_Excerpted records:_
.....
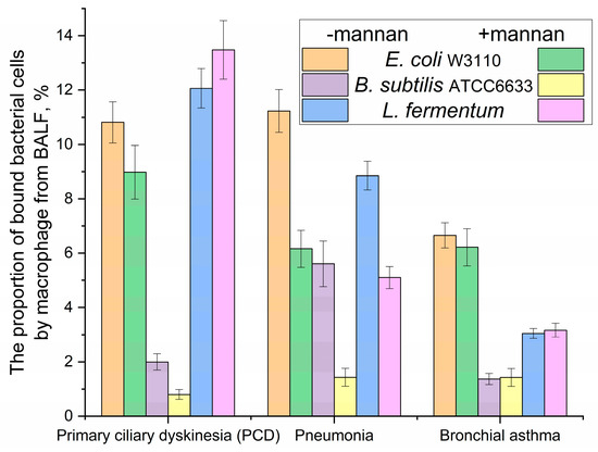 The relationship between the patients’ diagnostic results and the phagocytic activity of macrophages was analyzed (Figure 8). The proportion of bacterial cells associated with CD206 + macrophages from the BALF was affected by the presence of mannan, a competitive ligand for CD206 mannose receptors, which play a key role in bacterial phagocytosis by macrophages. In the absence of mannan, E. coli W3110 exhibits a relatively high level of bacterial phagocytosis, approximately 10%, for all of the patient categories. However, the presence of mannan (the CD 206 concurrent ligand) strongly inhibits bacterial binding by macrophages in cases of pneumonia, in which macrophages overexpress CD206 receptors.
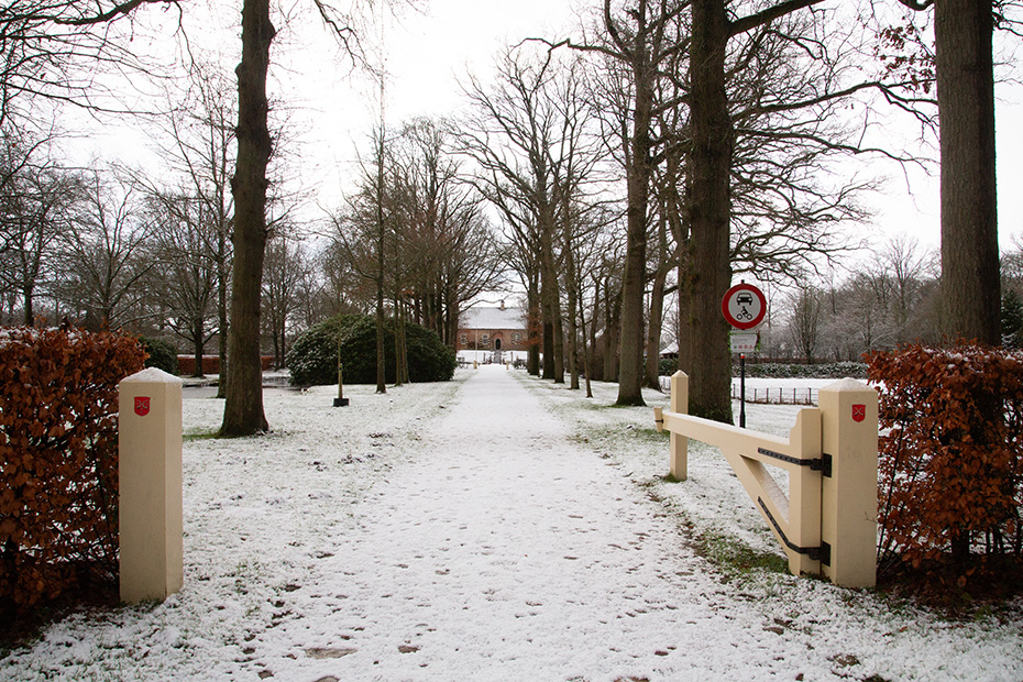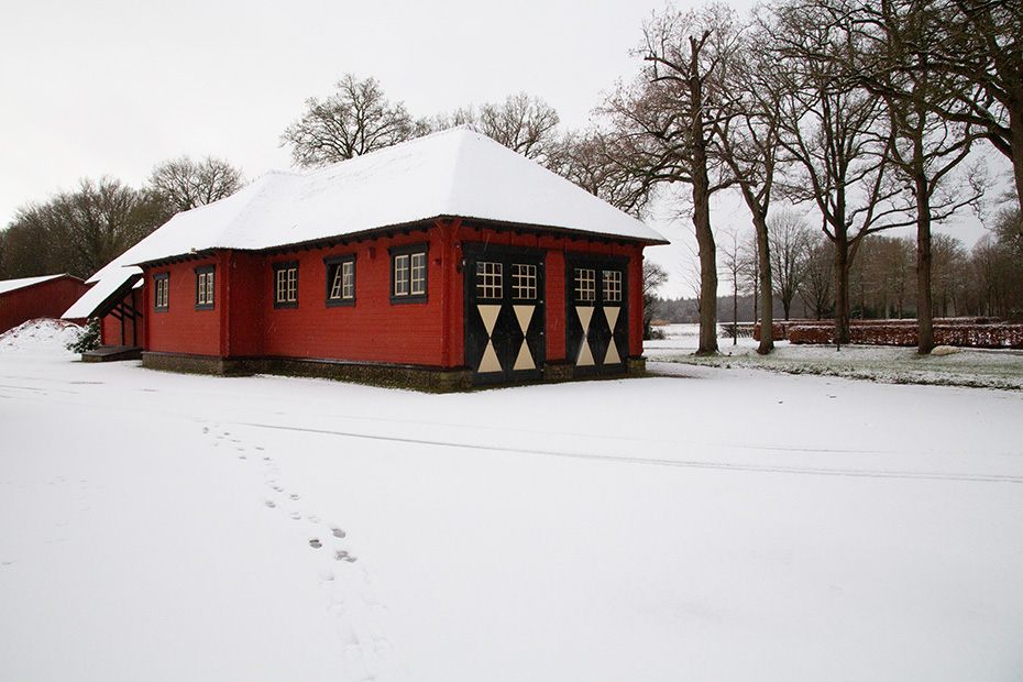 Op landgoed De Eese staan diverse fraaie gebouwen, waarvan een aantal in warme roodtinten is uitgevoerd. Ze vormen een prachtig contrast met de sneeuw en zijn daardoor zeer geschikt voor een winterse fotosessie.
.....
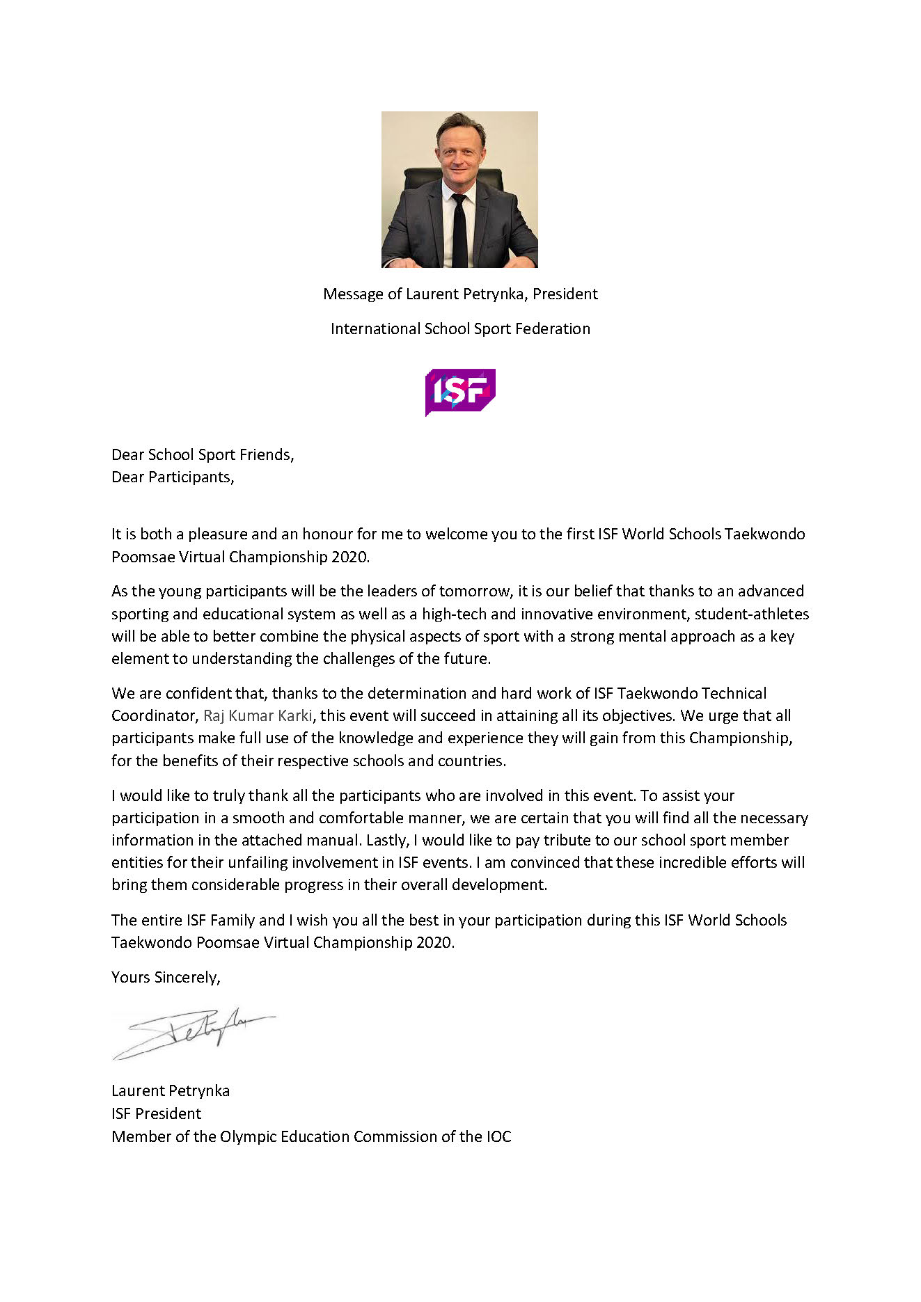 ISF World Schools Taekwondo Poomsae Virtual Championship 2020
.....
_Work request:_
From the records above, output only the lines starting at the one containing "The relationship between" and ending at the one containing "Op landgoed De", word for word. Pictures stay out.

_Task output:_
 The relationship between the patients’ diagnostic results and the phagocytic activity of macrophages was analyzed (Figure 8). The proportion of bacterial cells associated with CD206 + macrophages from the BALF was affected by the presence of mannan, a competitive ligand for CD206 mannose receptors, which play a key role in bacterial phagocytosis by macrophages. In the absence of mannan, E. coli W3110 exhibits a relatively high level of bacterial phagocytosis, approximately 10%, for all of the patient categories. However, the presence of mannan (the CD 206 concurrent ligand) strongly inhibits bacterial binding by macrophages in cases of pneumonia, in which macrophages overexpress CD206 receptors.
 Op landgoed De Eese staan diverse fraaie gebouwen, waarvan een aantal in warme roodtinten is uitgevoerd. Ze vormen een prachtig contrast met de sneeuw en zijn daardoor zeer geschikt voor een winterse fotosessie.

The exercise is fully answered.